Looking at this date, I cannot find a correlation on the server disks growth: https://grafana.wikimedia.org/d/000000377/host-overview?viewPanel=12&orgId=1&from=1616889601000&to=1616975999000&var-server=pc1007&var-datasource=thanos&var-cluster=mysql

This panel shows two very differently sized entities, srv-xfs at ~4 TB, and root-ext4 at ~0.007 TB (7 GB). This means the lines visually compress to the point where smaller and upcoming patterns may be hard or impossible to notice. It depends on the metric and purpose of that graph whether that's good or bad. If it can be both, then having a combined graph and a separate one may be useful so you can see it both ways. We kind of have that. There's the high-level one on the "Host" dashboard, and a lower-level one on the "Parser Cache" dashboard.

If you click on one of the lines in the legend you can reverse this visual compression and see the line for itself, at which point the correlation is easier to see:

capture.png (1×2 px, 196 KB)

Looking for the aggregate graph, it looks like it is coming back to previous values, before the spike: https://grafana.wikimedia.org/d/000000106/parser-cache?viewPanel=9&orgId=1&from=now-30d&to=now
However, we all know that parsercache is very sensible to disk space issues, so we should probably keep an eye on this and if it keeps increasing without stabilizing, decreasing the retention period is probably the way to go. […]

Here's last six months zoomed out.
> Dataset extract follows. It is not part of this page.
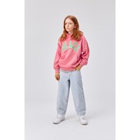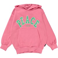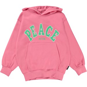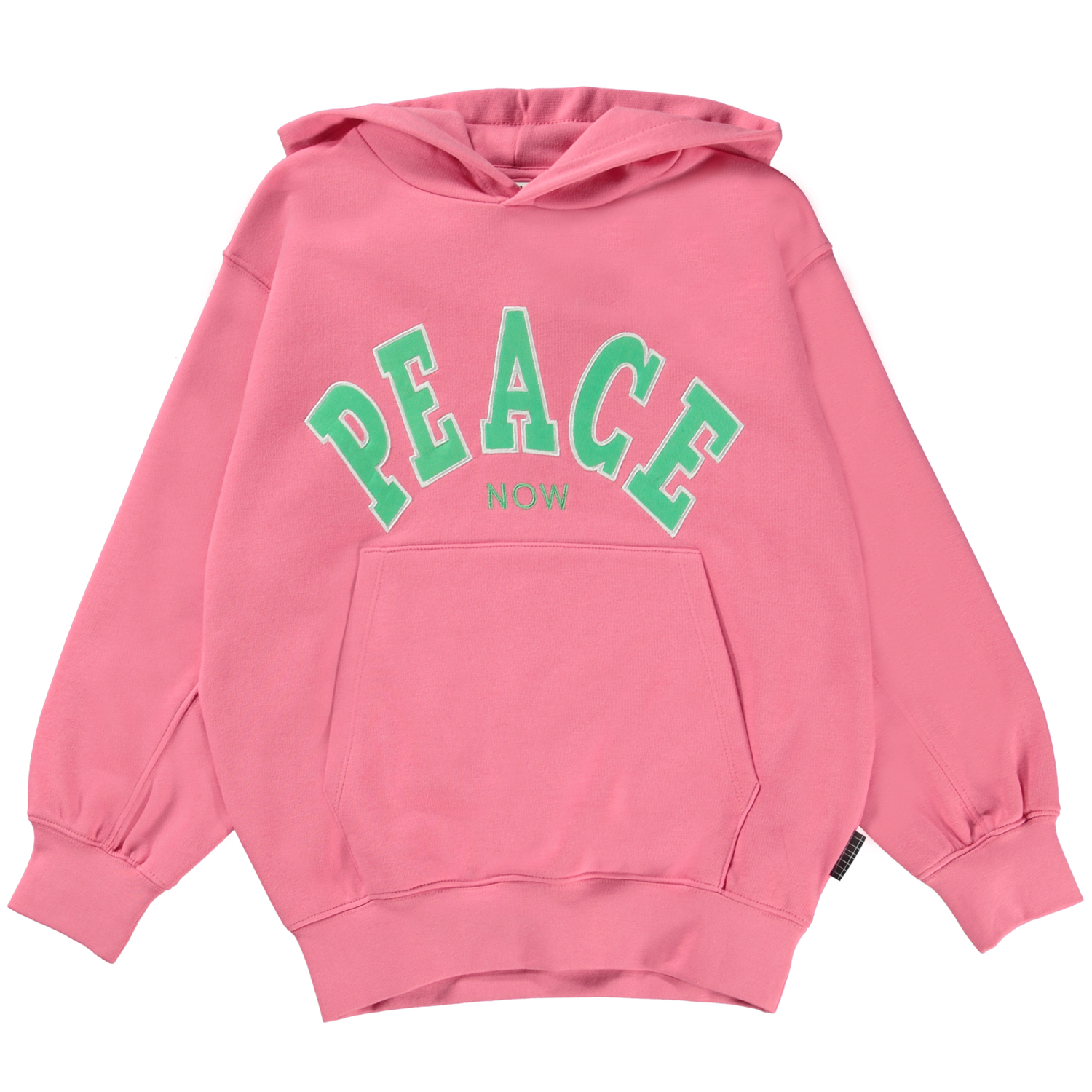 Maxx är en rosa unisex luvtröja med texten "peace now". Luvtröjan har känguruficka framtill och ribbkant vid ärmslut och nertill.

Indeed the increase from last week came back and we're now at the level we were two weeks ago. However overall we're still pretty much only going further upwards. Note, this graph is without 0 and 100 bounds, so it is emphasising the relative change. It's not a huge change, but the trend is indeed as you say worth keeping in mind to make sure it matches any growth and capacity planning long-term in terms of how quickly it grows.
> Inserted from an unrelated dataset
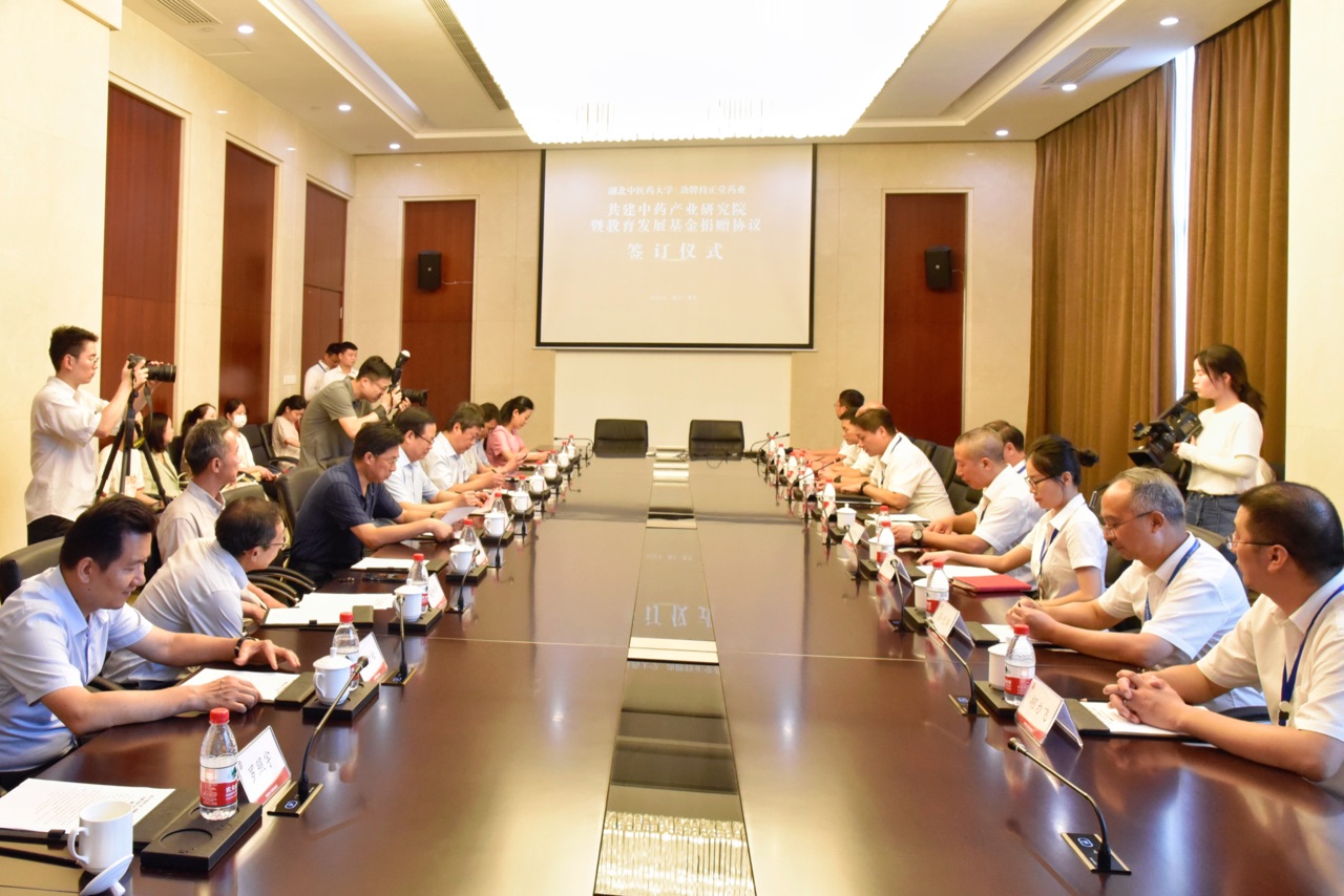 持正堂藥業(yè)董事長(cháng)、總經(jīng)理李清安主持簽約儀式,并作為企業(yè)代表與湖北中醫藥大學(xué)副校長(cháng)、教育發(fā)展基金會(huì )副理事長(cháng)黃必勝簽訂捐贈協(xié)議和“共建中藥產(chǎn)業(yè)研究院”協(xié)議。

1 terrabyte from 12.4 to 13.4 TB in two months, and for this particular server that translated to 7 percentage points from 73% to 80%.

Screenshot 2021-04-08 at 22.24.51.png (1×2 px, 634 KB)

Thanks @Krinkle!
Yes, we are well aware of the trends parsercache is having lately and the fact that is growing steadily and quicker than we thought. We have some options in case this becomes a (more) serious issue, which is essentially reduce the expiration time for the keys (it is set to 30 days) like we've done in the past and then manually purge+optimize the tables to get some more disk space back.

I am planning to request some budget for next FY if possible to, in Q1 replace these hosts with bigger hosts and the standard HW we use in production so we can have some peace of mind (and get rid of another HW configuration snowflake in our infra).

Specifically to this task, I don't think there's much of a follow up for now, so I am inclined to say: let's close it.
We have one host using 80% of the disk indeed, once the others reach it, I will probably create a more specific task to start thinking about reducing the expiration time and acting to keep parsercache away from that dangerous 80% usage, as another spike like this one could result on the hosts being 100%.